## Provided entries
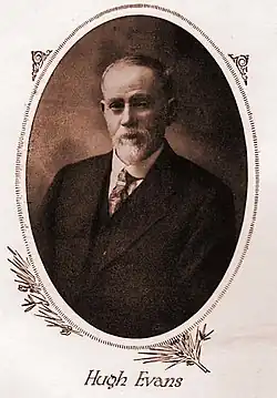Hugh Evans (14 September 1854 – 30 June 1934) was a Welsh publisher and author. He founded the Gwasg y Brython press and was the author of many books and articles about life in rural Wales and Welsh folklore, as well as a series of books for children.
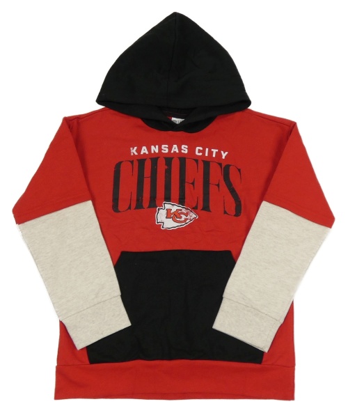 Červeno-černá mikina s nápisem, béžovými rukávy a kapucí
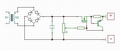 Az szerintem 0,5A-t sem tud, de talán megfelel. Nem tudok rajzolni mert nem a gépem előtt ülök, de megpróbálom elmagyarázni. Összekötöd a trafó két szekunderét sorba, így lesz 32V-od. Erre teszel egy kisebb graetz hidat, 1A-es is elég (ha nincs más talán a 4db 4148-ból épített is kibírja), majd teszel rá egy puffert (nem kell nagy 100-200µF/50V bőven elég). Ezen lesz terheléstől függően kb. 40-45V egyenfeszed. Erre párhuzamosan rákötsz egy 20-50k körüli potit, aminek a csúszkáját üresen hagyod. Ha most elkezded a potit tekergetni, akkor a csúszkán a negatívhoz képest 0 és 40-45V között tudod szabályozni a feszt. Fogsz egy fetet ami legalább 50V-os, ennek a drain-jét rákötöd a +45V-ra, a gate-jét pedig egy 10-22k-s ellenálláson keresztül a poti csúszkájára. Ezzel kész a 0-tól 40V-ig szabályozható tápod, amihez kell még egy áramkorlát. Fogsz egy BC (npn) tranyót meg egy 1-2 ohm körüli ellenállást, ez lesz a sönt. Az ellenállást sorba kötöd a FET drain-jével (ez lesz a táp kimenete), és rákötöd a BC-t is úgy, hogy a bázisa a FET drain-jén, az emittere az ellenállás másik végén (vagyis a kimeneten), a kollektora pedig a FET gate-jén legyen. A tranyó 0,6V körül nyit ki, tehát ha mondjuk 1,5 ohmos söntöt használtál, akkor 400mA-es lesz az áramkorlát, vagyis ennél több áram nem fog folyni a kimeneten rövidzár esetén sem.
...
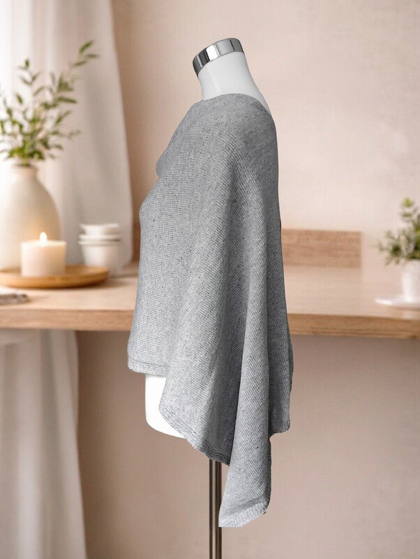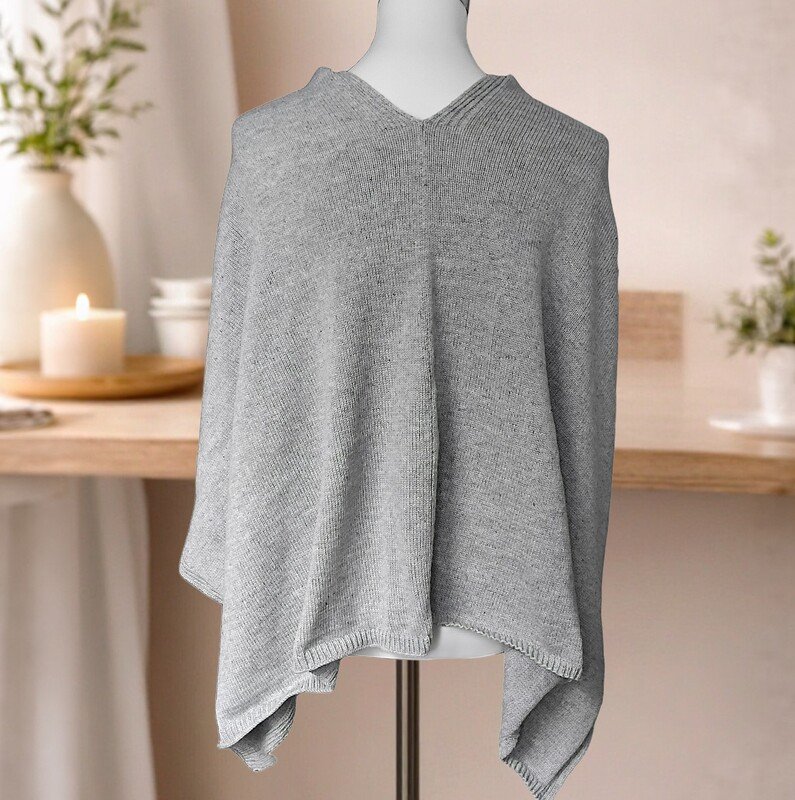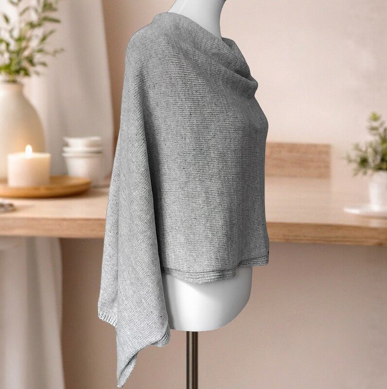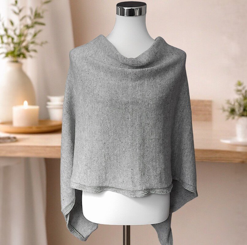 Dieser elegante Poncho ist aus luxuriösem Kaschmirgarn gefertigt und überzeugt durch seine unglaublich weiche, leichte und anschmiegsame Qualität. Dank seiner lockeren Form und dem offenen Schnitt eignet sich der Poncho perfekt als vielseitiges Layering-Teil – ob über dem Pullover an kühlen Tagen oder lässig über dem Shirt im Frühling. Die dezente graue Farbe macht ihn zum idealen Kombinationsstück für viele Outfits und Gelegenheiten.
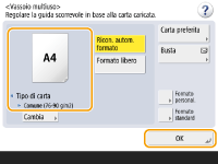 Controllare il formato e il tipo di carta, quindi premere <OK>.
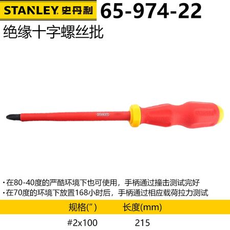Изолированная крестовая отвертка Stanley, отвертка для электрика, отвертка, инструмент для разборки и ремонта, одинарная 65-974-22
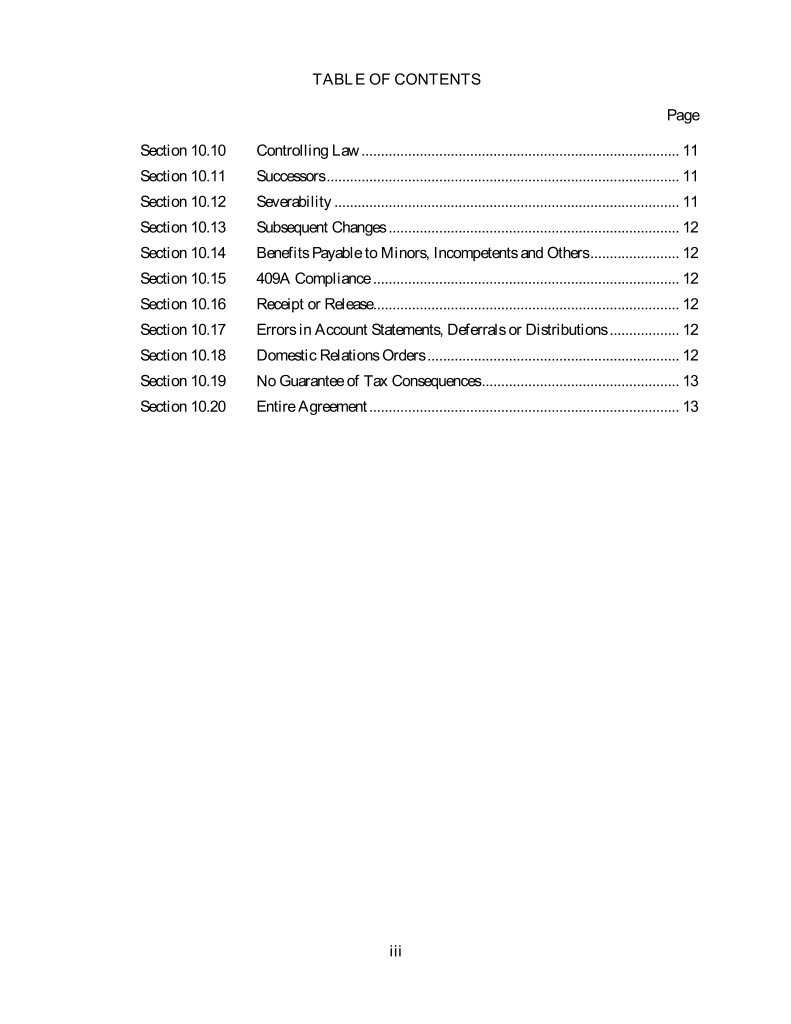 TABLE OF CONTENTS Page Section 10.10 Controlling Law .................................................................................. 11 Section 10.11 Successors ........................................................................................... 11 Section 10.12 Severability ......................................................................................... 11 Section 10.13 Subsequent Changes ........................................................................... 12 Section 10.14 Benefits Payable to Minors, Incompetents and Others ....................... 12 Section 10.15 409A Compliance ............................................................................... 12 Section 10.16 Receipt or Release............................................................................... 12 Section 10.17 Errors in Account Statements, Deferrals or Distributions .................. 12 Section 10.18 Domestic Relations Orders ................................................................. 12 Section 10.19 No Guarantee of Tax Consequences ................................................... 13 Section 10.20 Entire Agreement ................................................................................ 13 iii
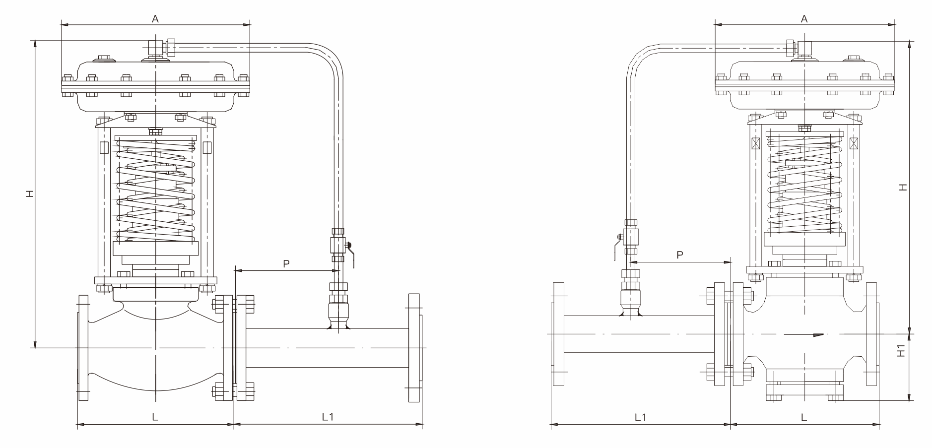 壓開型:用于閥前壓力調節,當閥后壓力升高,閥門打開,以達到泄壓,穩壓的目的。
---
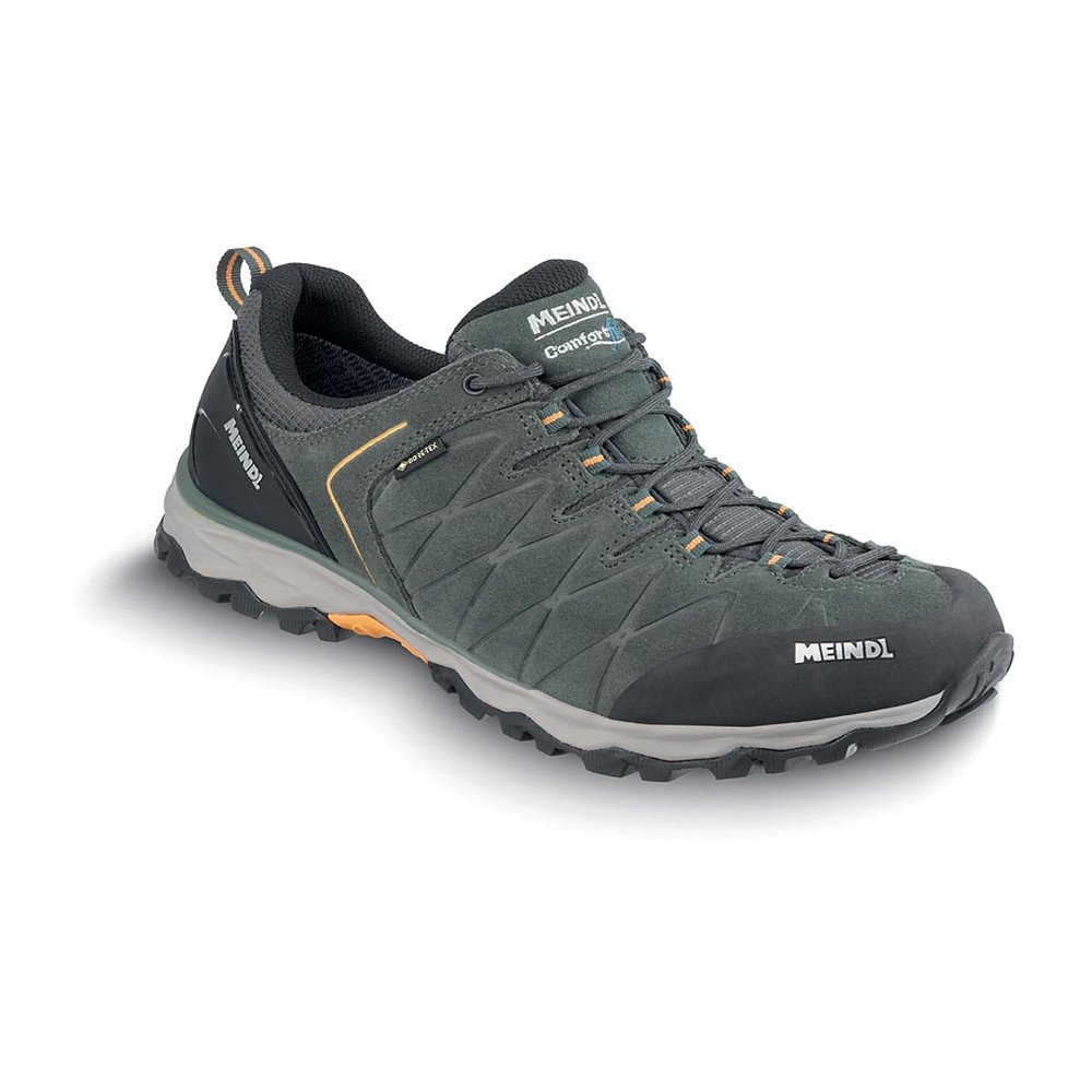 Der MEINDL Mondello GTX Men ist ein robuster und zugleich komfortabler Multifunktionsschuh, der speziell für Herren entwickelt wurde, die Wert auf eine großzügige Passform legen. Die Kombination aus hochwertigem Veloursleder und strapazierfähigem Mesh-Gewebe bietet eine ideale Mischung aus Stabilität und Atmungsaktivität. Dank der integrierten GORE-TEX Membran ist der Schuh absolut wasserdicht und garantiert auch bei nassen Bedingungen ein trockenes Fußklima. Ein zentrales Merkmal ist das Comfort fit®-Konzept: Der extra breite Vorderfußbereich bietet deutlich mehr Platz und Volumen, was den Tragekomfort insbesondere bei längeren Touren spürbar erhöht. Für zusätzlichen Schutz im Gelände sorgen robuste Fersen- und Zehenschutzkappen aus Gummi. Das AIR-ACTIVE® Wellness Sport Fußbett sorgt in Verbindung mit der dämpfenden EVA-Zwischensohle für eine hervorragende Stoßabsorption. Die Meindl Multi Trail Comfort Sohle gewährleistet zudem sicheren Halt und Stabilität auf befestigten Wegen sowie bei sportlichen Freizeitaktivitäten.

## Task prompt
Transcribe, exactly and without pictures, everything in the data from the line with "Controllare il formato" down to the line with "Изолированная крестовая отвертка", both included.

## Solution to this problem
 Controllare il formato e il tipo di carta, quindi premere <OK>.
Изолированная крестовая отвертка Stanley, отвертка для электрика, отвертка, инструмент для разборки и ремонта, одинарная 65-974-22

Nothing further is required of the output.